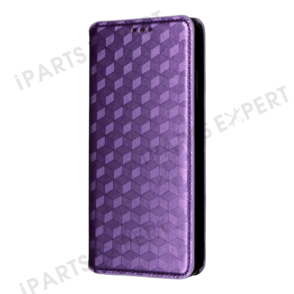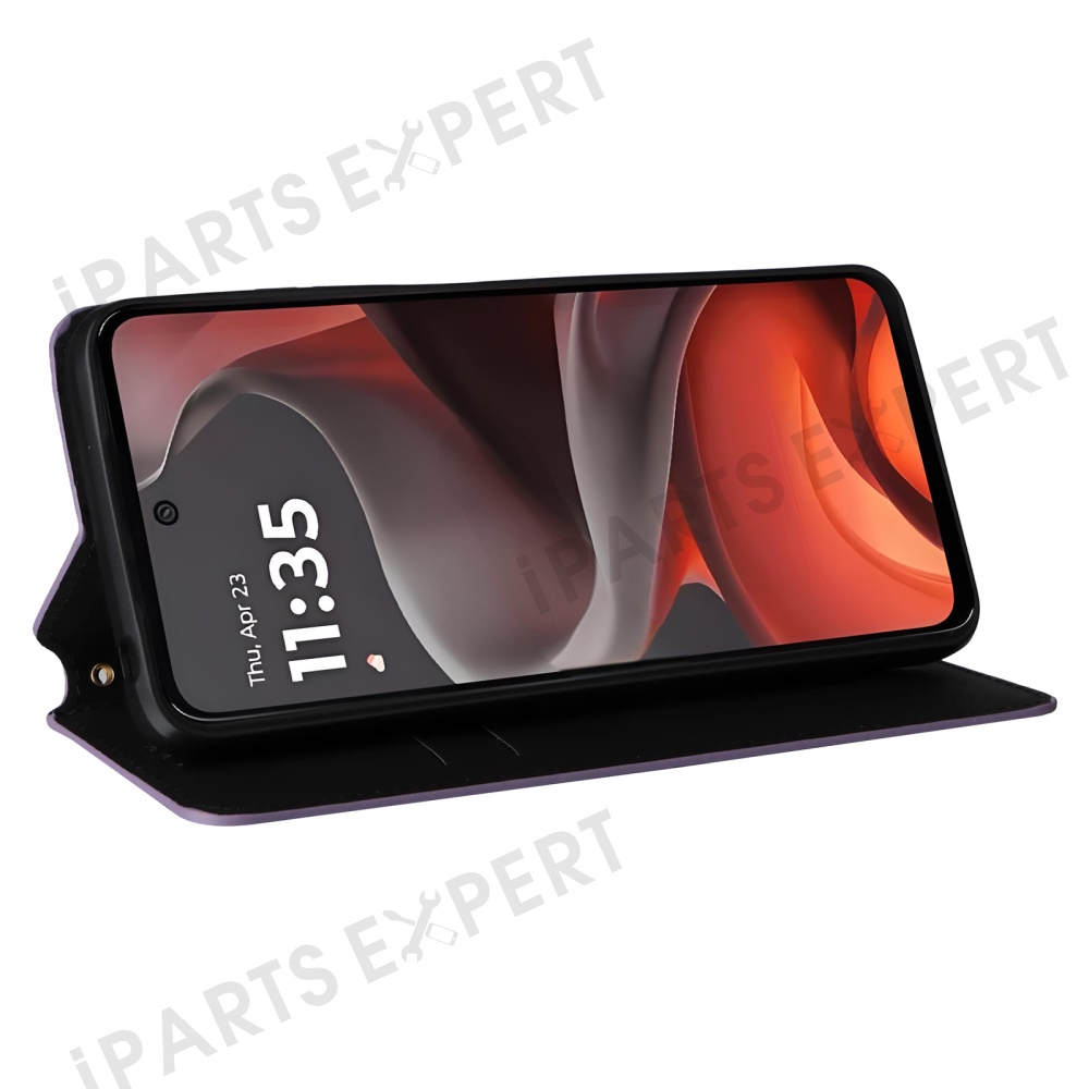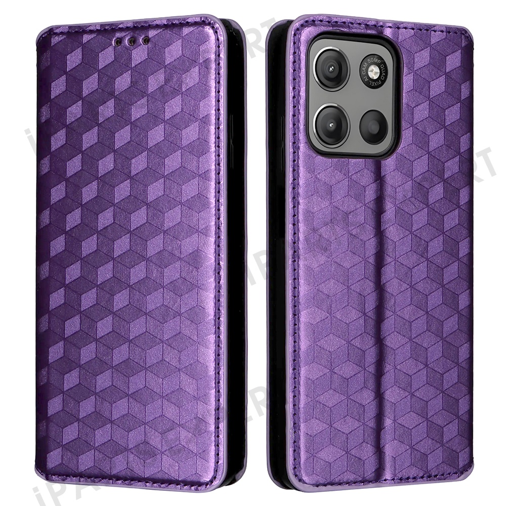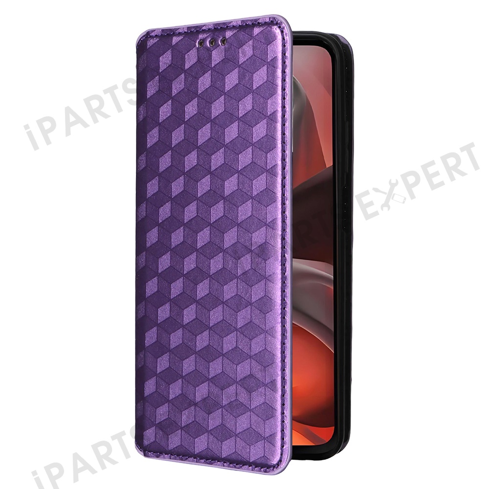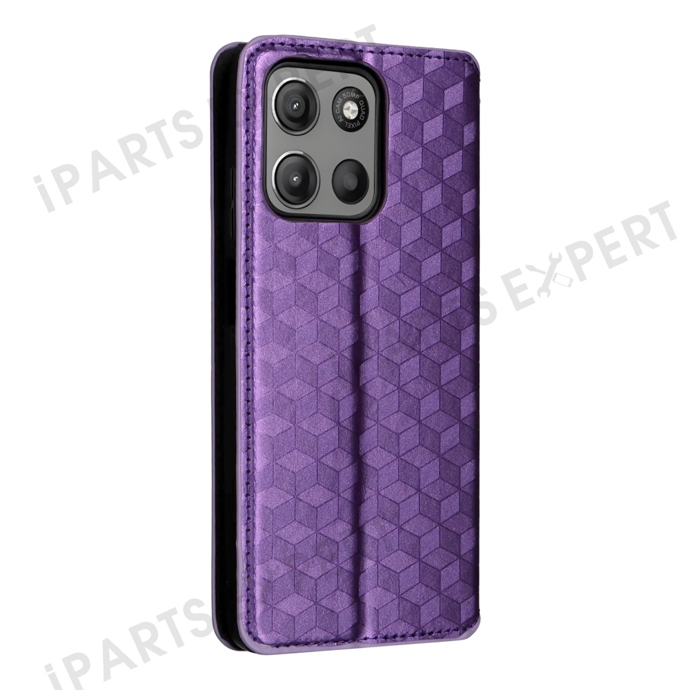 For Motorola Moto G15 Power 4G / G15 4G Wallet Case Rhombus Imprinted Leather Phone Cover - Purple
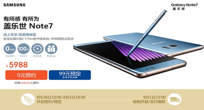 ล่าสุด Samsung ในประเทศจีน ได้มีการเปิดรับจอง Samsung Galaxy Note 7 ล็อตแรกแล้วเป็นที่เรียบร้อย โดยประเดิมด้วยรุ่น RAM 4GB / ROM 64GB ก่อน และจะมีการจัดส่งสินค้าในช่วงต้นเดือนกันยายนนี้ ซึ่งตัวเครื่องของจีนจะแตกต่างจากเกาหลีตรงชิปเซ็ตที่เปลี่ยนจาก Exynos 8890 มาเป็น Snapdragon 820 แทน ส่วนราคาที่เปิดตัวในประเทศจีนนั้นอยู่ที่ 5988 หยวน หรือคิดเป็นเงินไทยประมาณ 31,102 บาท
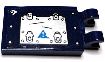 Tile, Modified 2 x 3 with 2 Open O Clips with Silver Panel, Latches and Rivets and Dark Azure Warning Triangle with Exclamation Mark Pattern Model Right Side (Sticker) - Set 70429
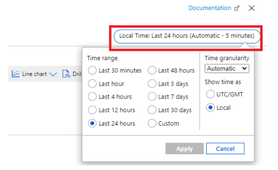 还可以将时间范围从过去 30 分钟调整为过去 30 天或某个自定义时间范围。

EXERCISE DESCRIPTION: Where a picture appears in the material above, skip it, and print the rest exactly.

EXERCISE RESULT:
 For Motorola Moto G15 Power 4G / G15 4G Wallet Case Rhombus Imprinted Leather Phone Cover - Purple
 ล่าสุด Samsung ในประเทศจีน ได้มีการเปิดรับจอง Samsung Galaxy Note 7 ล็อตแรกแล้วเป็นที่เรียบร้อย โดยประเดิมด้วยรุ่น RAM 4GB / ROM 64GB ก่อน และจะมีการจัดส่งสินค้าในช่วงต้นเดือนกันยายนนี้ ซึ่งตัวเครื่องของจีนจะแตกต่างจากเกาหลีตรงชิปเซ็ตที่เปลี่ยนจาก Exynos 8890 มาเป็น Snapdragon 820 แทน ส่วนราคาที่เปิดตัวในประเทศจีนนั้นอยู่ที่ 5988 หยวน หรือคิดเป็นเงินไทยประมาณ 31,102 บาท
 Tile, Modified 2 x 3 with 2 Open O Clips with Silver Panel, Latches and Rivets and Dark Azure Warning Triangle with Exclamation Mark Pattern Model Right Side (Sticker) - Set 70429
 还可以将时间范围从过去 30 分钟调整为过去 30 天或某个自定义时间范围。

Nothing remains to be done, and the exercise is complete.